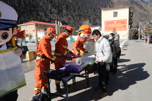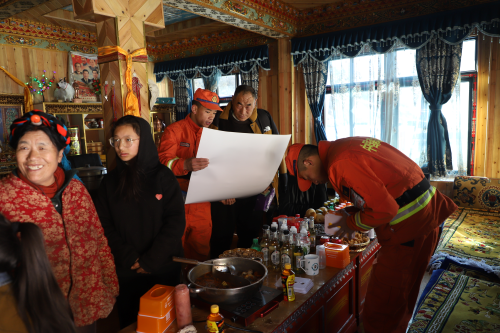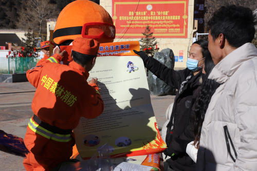 “扎西德勒、新年快乐,阿嬷,我们是森林消防员,这次来主要是向您宣讲一些森林防火知识,春节期间进山煨桑一定不要违规野外用火,文明、绿色进行祭祀活动,发现火情要第一时间拨打我们的报警电话。”东达山下的村落中,一道道橙色的身影正在挨家挨户的开展宣传工作。
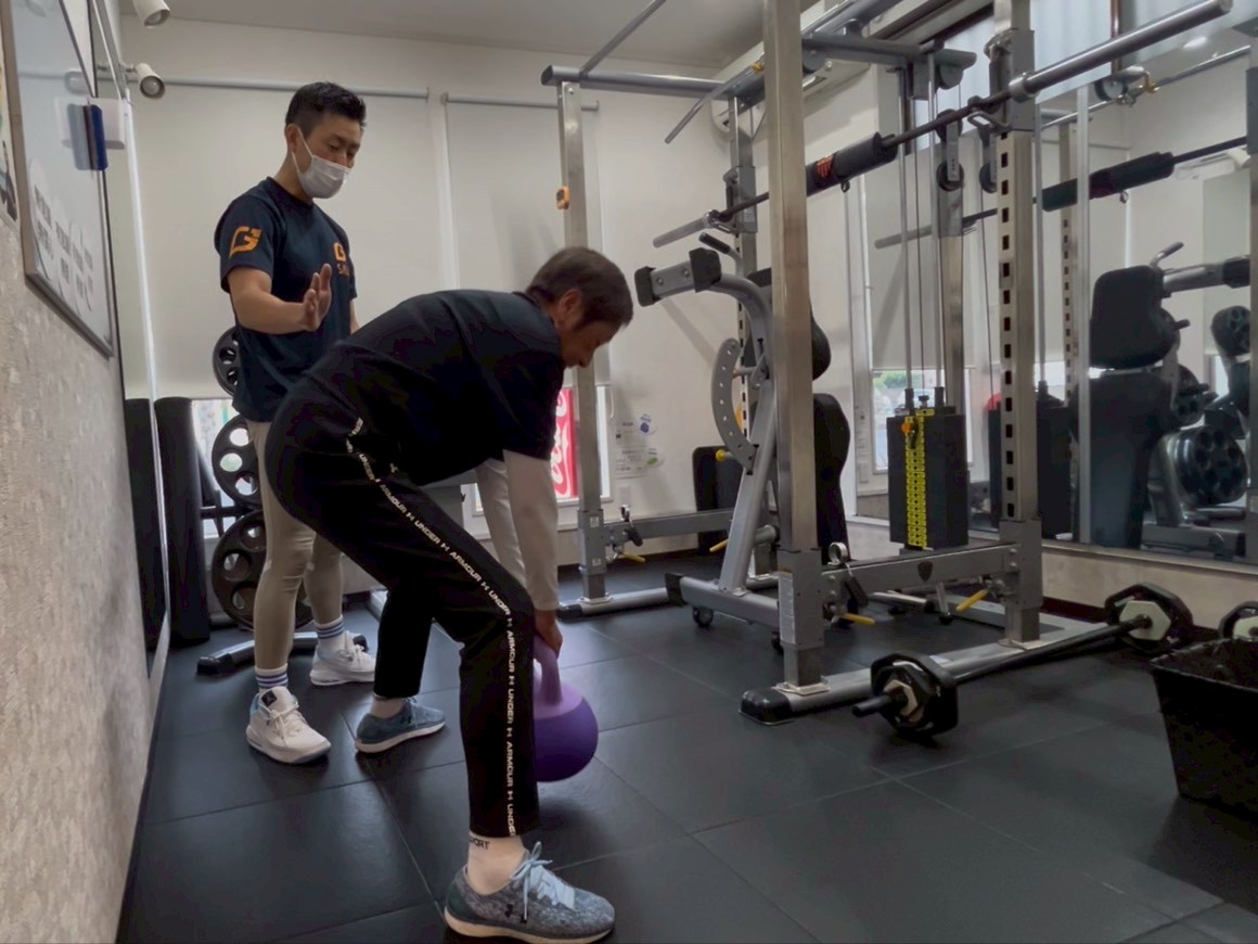 体重増加と膝の痛みに長年悩んでおり、人工股関節・人工靱帯の手術から20年以上経っていたこともあり将来への不安がありました。「痛みなく動けるようになりたい」という思いでパーソナルを始めました。
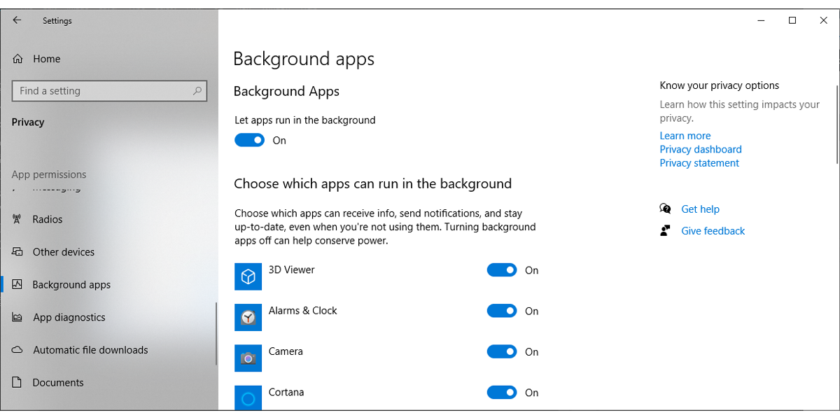 - Turn on the toggle below Let apps run in the background. If it’s already enabled, turn it off and turn it back on.
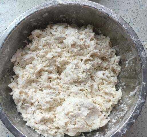 1,把面粉倒入面盆中,准备一个干净的碗,放入适量的酵母,加入30度左右的温水,用筷子把酵母搅拌融化,然后用少量多次的方法把酵母水倒入面粉中,边倒边用筷子搅拌,直到面粉变成面絮,然后用手把面絮揉成光滑的面团。
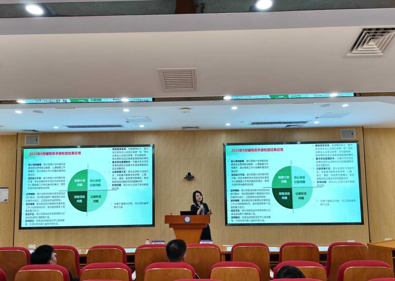 隨后,教育處負(fù)責(zé)人鄭小潔通報(bào)《輔導(dǎo)員工作手冊》核查情況,明確記錄規(guī)范并提出改進(jìn)建議,分享學(xué)生思政及心理健康教育工作實(shí)用方法與技巧,切實(shí)推動學(xué)生管理與心理健康工作向標(biāo)準(zhǔn)化、精細(xì)化邁進(jìn)。
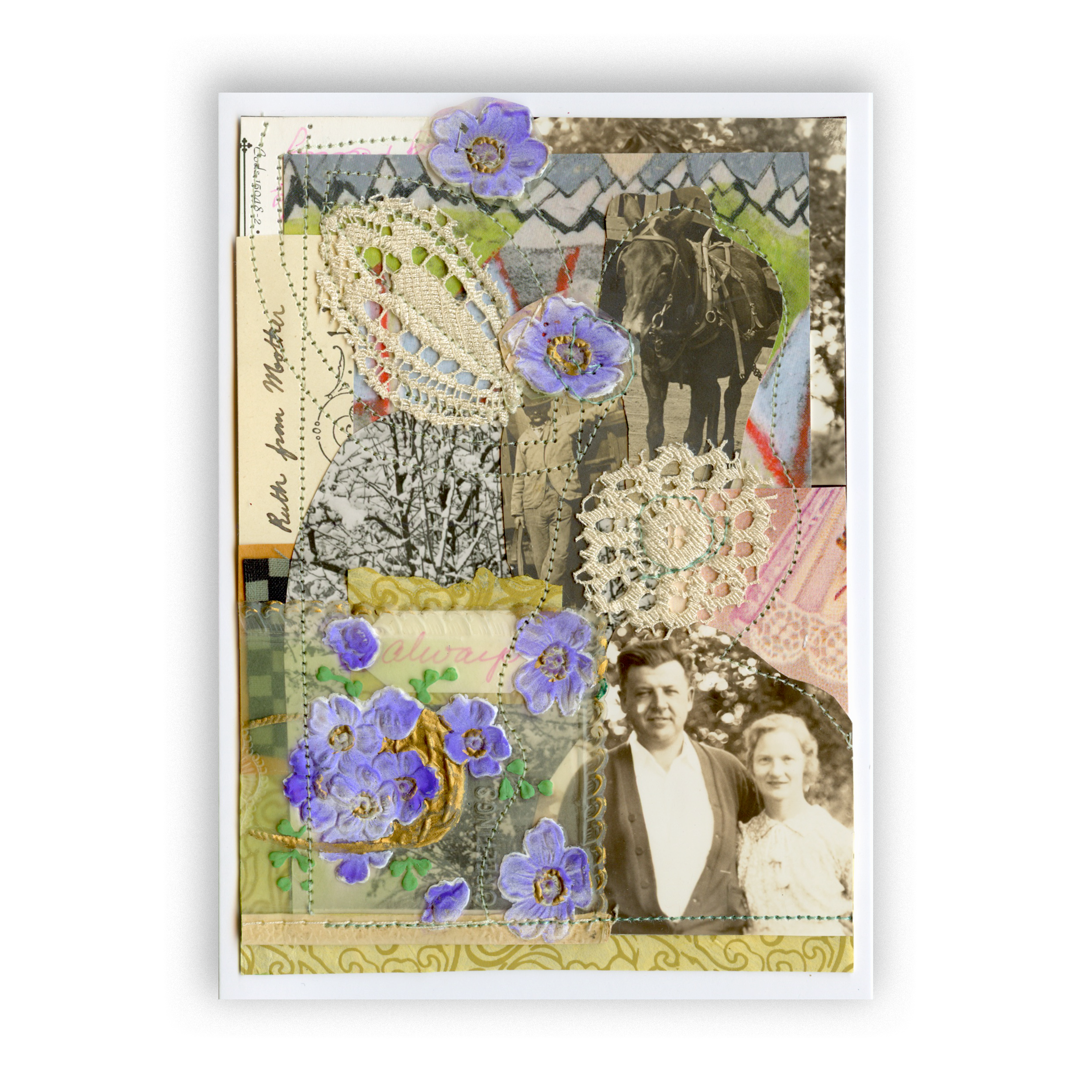 Storytime (featuring a handwritten text “story” included with the art piece) | Vintage (featuring a vintage focus collage piece) | Travel (featuring travel postcards and stamps) | Samples (featuring fabric from my mother’s handmade catalog of fabric samples) | Memories (featuring a photograph from my personal childhood collection - sample below) | XO (offerings of love)

> [Task to carry out]:
In the copy, include no pictures; otherwise transcribe the entries exactly.

> [Result of this exercise]:
 “扎西德勒、新年快乐,阿嬷,我们是森林消防员,这次来主要是向您宣讲一些森林防火知识,春节期间进山煨桑一定不要违规野外用火,文明、绿色进行祭祀活动,发现火情要第一时间拨打我们的报警电话。”东达山下的村落中,一道道橙色的身影正在挨家挨户的开展宣传工作。
 体重増加と膝の痛みに長年悩んでおり、人工股関節・人工靱帯の手術から20年以上経っていたこともあり将来への不安がありました。「痛みなく動けるようになりたい」という思いでパーソナルを始めました。
 - Turn on the toggle below Let apps run in the background. If it’s already enabled, turn it off and turn it back on.
 1,把面粉倒入面盆中,准备一个干净的碗,放入适量的酵母,加入30度左右的温水,用筷子把酵母搅拌融化,然后用少量多次的方法把酵母水倒入面粉中,边倒边用筷子搅拌,直到面粉变成面絮,然后用手把面絮揉成光滑的面团。
 隨后,教育處負(fù)責(zé)人鄭小潔通報(bào)《輔導(dǎo)員工作手冊》核查情況,明確記錄規(guī)范并提出改進(jìn)建議,分享學(xué)生思政及心理健康教育工作實(shí)用方法與技巧,切實(shí)推動學(xué)生管理與心理健康工作向標(biāo)準(zhǔn)化、精細(xì)化邁進(jìn)。
 Storytime (featuring a handwritten text “story” included with the art piece) | Vintage (featuring a vintage focus collage piece) | Travel (featuring travel postcards and stamps) | Samples (featuring fabric from my mother’s handmade catalog of fabric samples) | Memories (featuring a photograph from my personal childhood collection - sample below) | XO (offerings of love)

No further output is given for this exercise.